Eu sabia que eles voltariam para mim; sabia que eles tentariam novamente. A primeira vez não foi o bastante. Grito novamente – não por ajuda, porque ninguém irá me ajudar, mas porque é o que você faz quando está prestes a morrer e não pode fazer nada para impedir que isso aconteça.
— Pare — uma voz dura diz.
As mãos desaparecem, e as luzes voltam. Estou em pé no cimento na sala da paisagem do medo. Meu corpo treme, e caio de joelhos, pressionando minhas mãos no meu rosto. Perdi toda a racionalidade, toda noção. O medo de Lauren transformou-se no meu próprio medo.
E todos viram. Tobias me viu.
Ouço passadas. Tobias marcha em minha direção e me coloca de pé.
— O que foi isso, Careta?
— Eu... — Minha respiração vem em soluços. — Eu não...

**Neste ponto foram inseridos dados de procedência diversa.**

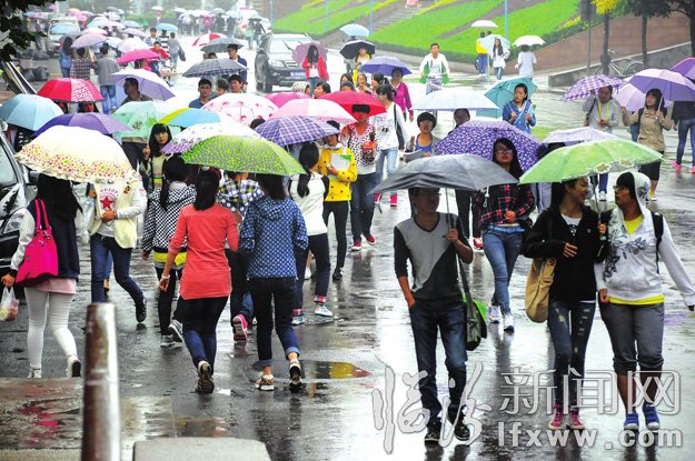 9月14日,我市迎来雨水降温天气,不少出行市民都穿上了长袖衣衫。

— Se recomponha! Isso é patético.
Alguma coisa dentro de mim se rompe. Minhas lágrimas param. Calor corre por meu corpo, tirando toda fraqueza de dentro de mim, e eu o estapeio tão forte que minhas juntas ardem com o impacto. Ele me encara, um lado do seu rosto corado com sangue brilhante, e o encaro de volta.
— Cale a boca — eu digo.
Arranco meu braço de seu aperto e saio da sala.